Bovo Elisa, Nikolaienko Roman, Bhayani Siddharth, Kahn Daniel, Cao Quan, Martin Jody L, Kuo Ivana Y, Robia Seth L, Zima Aleksey V
Department of Cell and Molecular Physiology, Loyola University Chicago , Chicago, Illinois.
Department of Physiology and Biophysics, University of Illinois at Chicago , Chicago, Illinois.
Am J Physiol Heart Circ Physiol. 2019 Jun 1;316(6):H1323-H1331. doi: 10.1152/ajpheart.00031.2019. Epub 2019 Mar 22.
The type 2a sarco-/endoplasmic reticulum Ca-ATPase (SERCA2a) plays a key role in Ca regulation in the heart. However, available techniques to study SERCA function are either cell destructive or lack sensitivity.
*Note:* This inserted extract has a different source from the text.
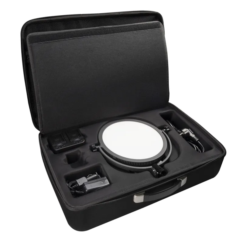 This high quality LED Round 300 is equipped with a backlit LCD display that shows you the light intensity and the battery status in percent. The display is large and well laid out so that it is easily readable from a distance. The LED Round 300 is continuously adjustable from 10% to 100 % dimmable . The power is set accurately and easily repeatable thanks to the specified percentage. So fast and accurate adjustment of the power to your requirements is possible. The LED Round 300 can be operated with a Sony NP -F battery or via power cable, both of which are included.
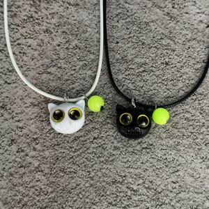 BNS-0437-白黒猫ネックレス イエロー夜光ペア

The goal of this study was to develop an approach to selectively measure SERCA2a function in the cellular environment. The genetically encoded Ca sensor R-CEPIA1er was used to measure the concentration of Ca in the lumen of the endoplasmic reticulum (ER) ([Ca]) in HEK293 cells expressing human SERCA2a. Coexpression of the ER Ca release channel ryanodine receptor (RyR2) created a Ca release/reuptake system that mimicked aspects of cardiac myocyte Ca handling. SERCA2a function was quantified from the rate of [Ca] refilling after ER Ca depletion; then, ER Ca leak was measured after SERCA inhibition. ER Ca uptake and leak were analyzed as a function of [Ca] to determine maximum ER Ca uptake rate and maximum ER Ca load. The sensitivity of this assay was validated by analyzing effects of SERCA inhibitors, [ATP]/[ADP], oxidative stress, phospholamban, and a loss-of-function SERCA2a mutation. In addition, the feasibility of using R-CEPIA1er to study SERCA2a in a native system was evaluated by using in vivo gene delivery to express R-CEPIA1er in mouse hearts. After ventricular myocyte isolation, the same methodology used in HEK293 cells was applied to study endogenous SERCA2a. In conclusion, this new approach can be used as a sensitive screening tool to study the effect of different drugs, posttranslational modifications, and mutations on SERCA function. The aim of this study was to develop a sensitive approach to selectively measure sarco-/endoplasmic reticulum Ca-ATPase (SERCA) function in the cellular environment. The newly developed Ca sensor R-CEPIA1er was used to successfully analyze Ca uptake mediated by recombinant and native cardiac SERCA. These results demonstrate that this new approach can be used as a powerful tool to study new mechanisms of Ca pump regulation.
2a型肌浆网/内质网钙ATP酶(SERCA2a)在心脏钙调节中起关键作用。然而,现有的研究SERCA功能的技术要么具有细胞破坏性,要么缺乏敏感性。本研究的目的是开发一种在细胞环境中选择性测量SERCA2a功能的方法。利用基因编码的钙传感器R-CEPIA1er来测量表达人SERCA2a的HEK293细胞内质网(ER)腔中的钙浓度([Ca])。内质网钙释放通道兰尼碱受体(RyR2)的共表达创建了一个钙释放/再摄取系统,该系统模拟了心肌细胞钙处理的某些方面。通过内质网钙耗竭后[Ca]再填充的速率来量化SERCA2a的功能;然后,在SERCA抑制后测量内质网钙泄漏。分析内质网钙摄取和泄漏与[Ca]的关系,以确定最大内质网钙摄取速率和最大内质网钙负荷。通过分析SERCA抑制剂、[ATP]/[ADP]、氧化应激、受磷蛋白和功能丧失性SERCA2a突变的影响,验证了该检测方法的敏感性。此外,通过体内基因递送在小鼠心脏中表达R-CEPIA1er,评估了在天然系统中使用R-CEPIA1er研究SERCA2a的可行性。分离心室肌细胞后,将HEK293细胞中使用的相同方法应用于研究内源性SERCA2a。总之,这种新方法可作为一种灵敏的筛选工具,用于研究不同药物、翻译后修饰和突变对SERCA功能的影响。本研究的目的是开发一种灵敏的方法,在细胞环境中选择性测量肌浆网/内质网钙ATP酶(SERCA)的功能。新开发的钙传感器R-CEPIA1er被用于成功分析重组和天然心脏SERCA介导的钙摄取。这些结果表明,这种新方法可作为研究钙泵调节新机制的有力工具。